Idiophantis melanosacta

Scientific classification
- Domain: Eukaryota
- Kingdom: Animalia
- Phylum: Arthropoda
- Class: Insecta
- Order: Lepidoptera
- Family: Gelechiidae
- Genus: Idiophantis
- Species: I. melanosacta
- Binomial name: Idiophantis melanosacta Meyrick, 1907

= Idiophantis melanosacta =

- Authority: Meyrick, 1907

Species of moth

Idiophantis melanosacta is a moth of the family Gelechiidae. It was described by Edward Meyrick in 1907. It is found in southern India and Thailand.

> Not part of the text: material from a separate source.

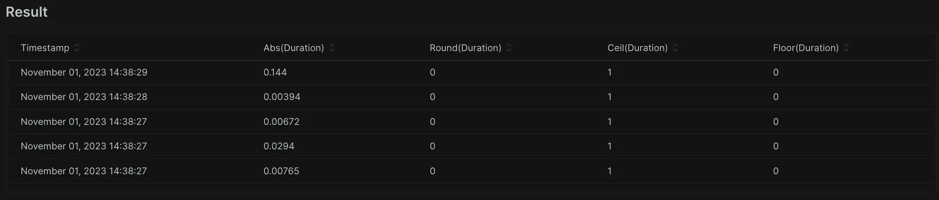SELECT abs(duration), round(duration), ceil(duration), floor(duration) FROM Transaction SINCE 1 day ago

The wingspan is 12–13 mm. The forewings are whitish ochreous with an elongate blackish patch extending along the costa from the base to beyond the middle, the apex oblique, the lower edge forming two broad subtriangular prominences reaching about halfway across the wing. There are two undefined blackish dots longitudinally placed in the disc beyond the middle and there is an angulated whitish line from three-fourths of the costa to the dorsum before the tornal prominence, edged with fuscous and on the costa edged with blackish. There is also a fine oblique parallel fuscous line beyond this on the upper half and a bronzy-metallic dot edged anteriorly with black on the termen beneath the base of the excavation. The hindwings are grey.